Ana caminhou em meio aquele cenário aterrador até encontrar alguém sentado em uma cadeira de rodas.
- Você sabe o que eu quero Ana. Você sabe.
Tremendo de medo, Ana se aproximou e viu que quem estava sentado na cadeira era ela mesma.
Agora ela estava sendo conduzida pelo corredor. Sentia a malignidade que exalava da pessoa que a conduzia.
- Você sabe o que eu quero Ana. Os cavaleiros precisam começar. Você sabe o que eu quero.
- NÃO! EU... NÃO POSSO!
Agora ela estava sendo conduzida mais rápido. À frente havia uma porta branca, gritos tenebrosos e agoniantes vinham de lá.
- Você sabe o que eu quero.
Ana foi conduzida a toda velocidade e passou pela porta.
Atrás da porta havia um lugar, era um lugar grande e ele estava queimando, milhares, milhões de pessoas estavam lá, e queimavam como lenha ao forno. Ana também começou a queimar, e as dores de seus estigmas eram cócegas comparadas a dor do fogo.
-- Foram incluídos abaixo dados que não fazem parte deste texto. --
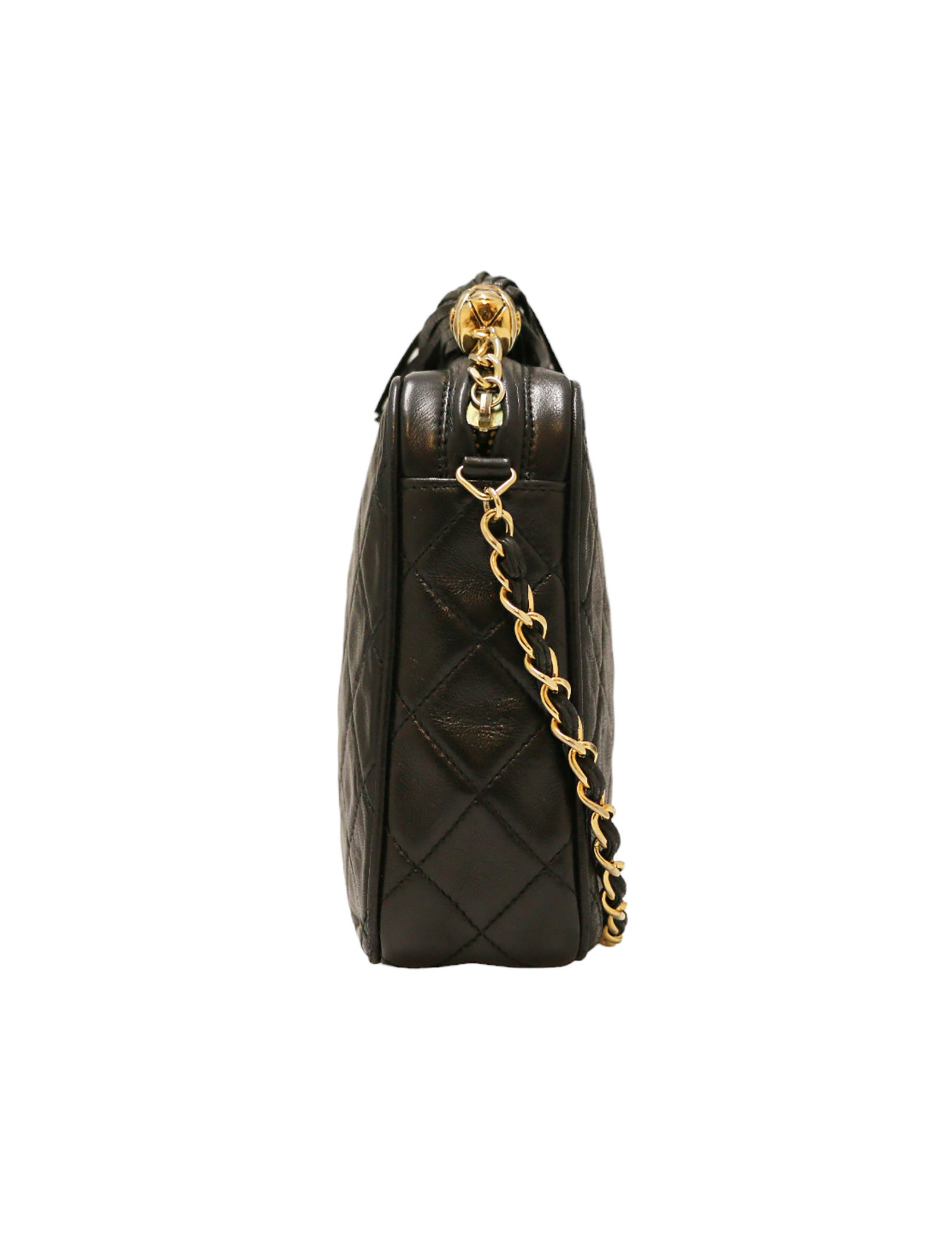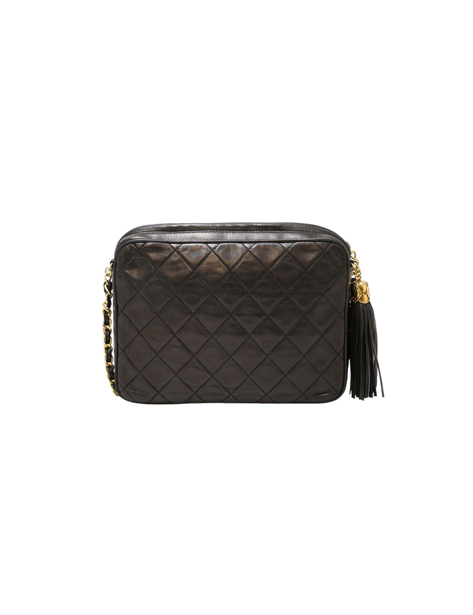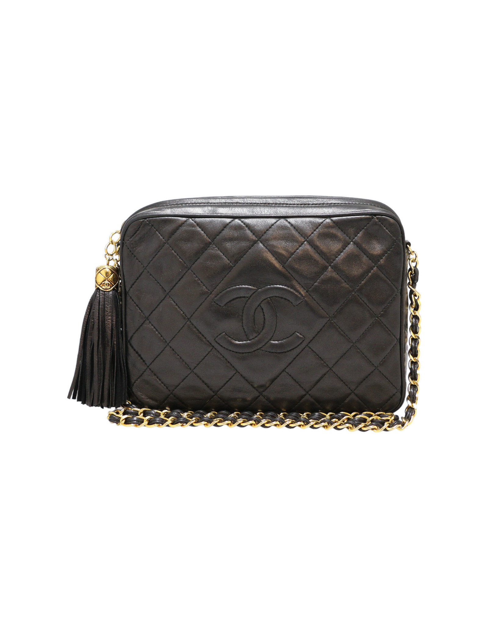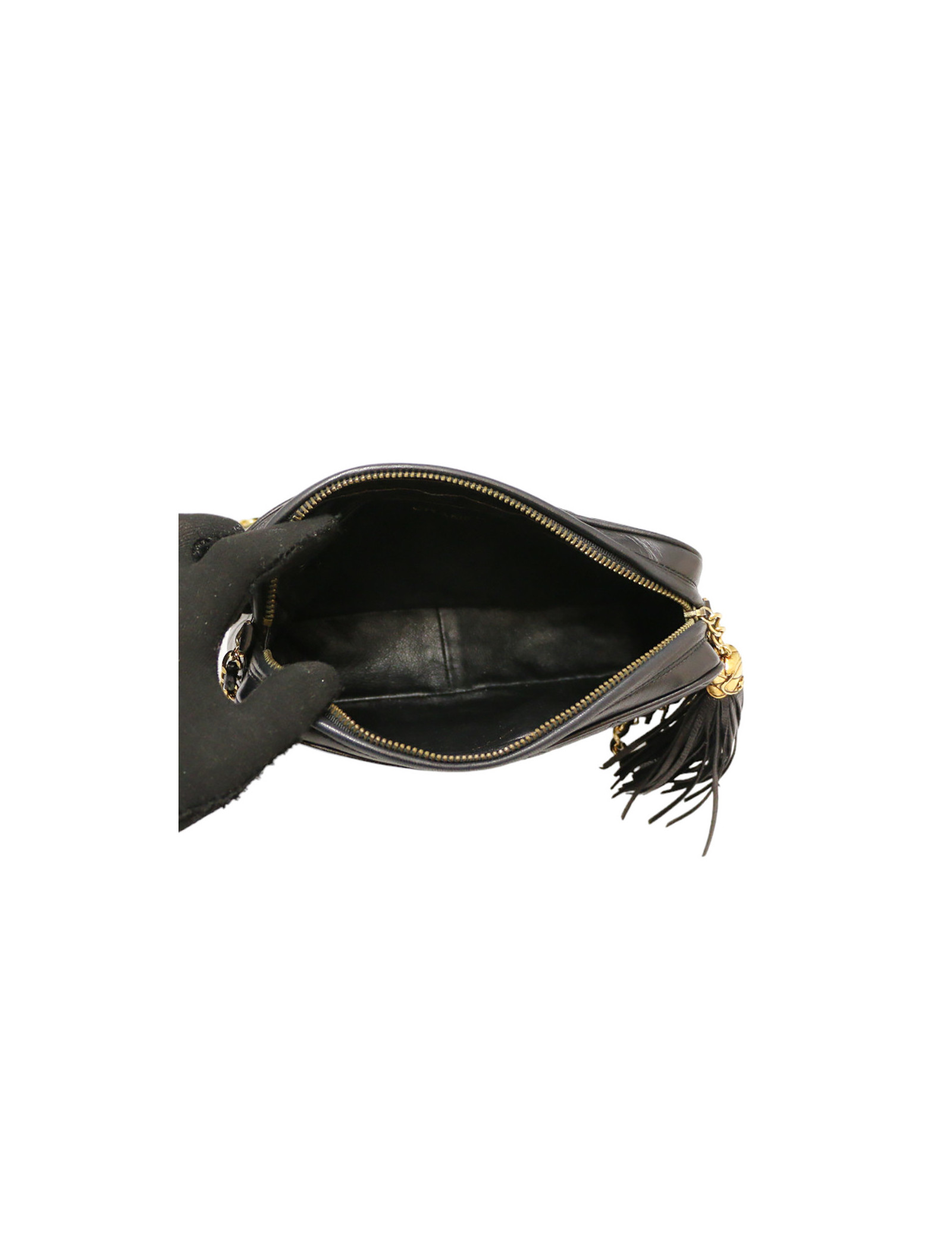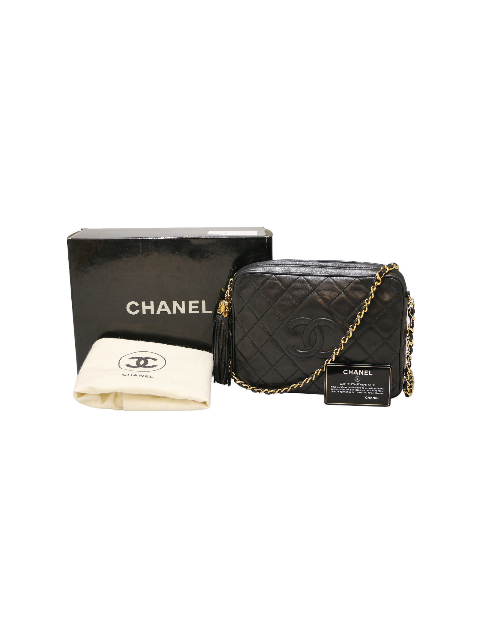 CAMERA CHANEL CHANEL vintage Camera GM bag CHANEL 34571 4,300.00 € Chanel black Caméra GM bag Condition : very goodMade in ItalyCollection : Caméra grand modèleGender : womanMaterial : leatherLining : black leatherColor : blackMeasurements : 27 x 20 x 8 cmShoulder strap : 104 cmHologram: noAuthenticity card : yesYear : 1989-1991Hardware :24K gold plated metalDetails : iconic pompn tassel Add to cart

Ela abriu a boca e gritou, e...
Lúcifer estalou os dedos.
Ana estava no chão da biblioteca, chorando e se contorcendo em uma poça de seu próprio sangue.
- Você sabe o que eu quero.
Lúcifer se abaixou perto dela e a tocou. Foi um toque gelado, monstruoso. Ele era apenas um espírito maligno possuindo o corpo de um homem, mas ela conseguia sentir a malignidade que emanava dele.
- Posso tirar a sua dor Ana. Você sabe o que eu quero.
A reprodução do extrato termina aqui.